Single crystals of foldamer B could be grown by slow diffusion of methanol into a chloroform solution. X‐ray diffraction studies confirmed the chemical structure of B and its single helical state (Figure 2b).^{[ 46 ]} The helical conformation appears maintained by a network of intramolecular hydrogen bonds formed between the NH proton of the amide functions and the nitrogen atom of the pyridine units, with bond lengths ranging from 2.18 to 2.38 Å (Figure S7). In addition, pyridine rings also stack on top of each other with the typical distances for aromatic interactions (ca 3.4 Å). Interestingly, the relative arrangement of TTF units strongly differs from the one observed in the case of the previously reported foldamer A (Figure 2a). While triazole rings in A acted as spacers, adopting a perpendicular orientation with regard to TTF moieties, the connections through short amide linkers in Foldamer B allow for the establishment of aromatic interactions between TTF planes and the central pyridyl ring (d = 3.6 Å) (Figure 2b). Indeed, it has to be noted that the latter is functionalized with two electron‐withdrawing carboxamide groups, causing the electron deficiency of this heterocycle. Hence, this ring is electronically complementary with TTF units, as confirmed by their respective electrostatic potential maps (Figure 2c). This justifies why this pyridyl ring is sandwiched between both electron‐rich TTF units, as already reported in a foldamer involving pyrene and pyridine dicarboxamide units.^{[ 47 ]} Interestingly, one will note that no single crystal of a double helical structure could be grown from foldamer B despite important efforts, which might be related to the stability of the single helical arrangement.

Figure 2.

a) X‐ray crystal structures of foldamer A (a, CCDC 1891841)[31] and b) B (b, CCDC 2430077, crystals grown by slow diffusion of methanol into a chloroform solution ^{[ 45 ]} ). Solvent molecules and isobutyl groups are omitted for clarity. c) Electrostatic potential maps of tetrathiafulvalene‐carboxamide TTF‐CONH₂ and 4‐methoxypyridine dicarboxamide (DFT, B3LYP, 6–31G*).

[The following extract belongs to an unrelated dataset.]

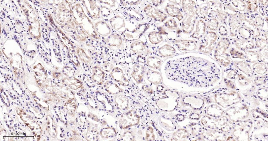 Paraformaldehyde-fixed, paraffin embedded Human Kidney; Antigen retrieval by boiling in sodium citrate buffer (pH6.0) for 15 min; The section was incubated with STAT3 Monoclonal Antibody, Unconjugated (ascites of bsm-33223M) at 1:1500 overnight at 4°C, followed by conjugation to the bs-40296G-HRP and DAB (C-0010) staining.
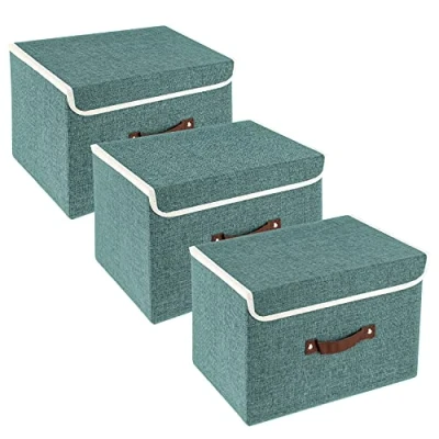 TYEERS Collapsible Storage Box with Lid, Fabric for Clothes, Wardrobe Storage, 38x25x25 cm, Set of 3, Aqua Deep

2.3. Supramolecular Behavior in the Neutral State

The ¹H NMR study of foldamer B was first conducted in deuterated dimethylsulfoxide, which is known to prevent the formation of double helices from oligopyridine dicarboxamide foldamers.^{[ 43 ]} This allowed for a complete assignment of the signals associated with the single helical state (Figures S1–S6). As mentioned above, the ability of helical foldamers to form multiple helices is inherently linked to solvent‐solute interactions. This prompted us to assess the ability of foldamer B to self‐associate in various other deuterated solvents, namely dimethylformamide, tetrahydrofuran, pyridine, tetrachloroethane, and chloroform. These analyses were conducted at room temperature and at a concentration of 4 mM, which guarantees solubility and generally favors the formation of double helices.^{[ 17} , ⁴³ , ^{48 ]} As illustrated in Figure 3, a single set of signals was systematically observed for amide protons (δ _NH > 10 ppm). Since these signals are comparable to those detected in DMSO‐d₆ and since no upfield shielded signals assignable to double helices were observed, it seems reasonable to conclude that foldamer B adopts a single helical state, and this whatever the solvent under consideration. This was further confirmed through additional mono‐ and 2D NMR analyses (Figures S8–S15). Measurements carried out at various concentrations (C = 0.2 to 5.24 mM, Figure S16) or at different temperatures (273–323 K, Figure S17) never led to the appearance of a second set of signals, which confirms the inability of foldamer B to form double helical structures.

Figure 3.

¹H NMR spectra of foldamer B (C = 4 mM, 298 K, 500 MHz) in various deuterated solvents. Blue disks indicate NH signals, while orange ones correspond to TTF protons.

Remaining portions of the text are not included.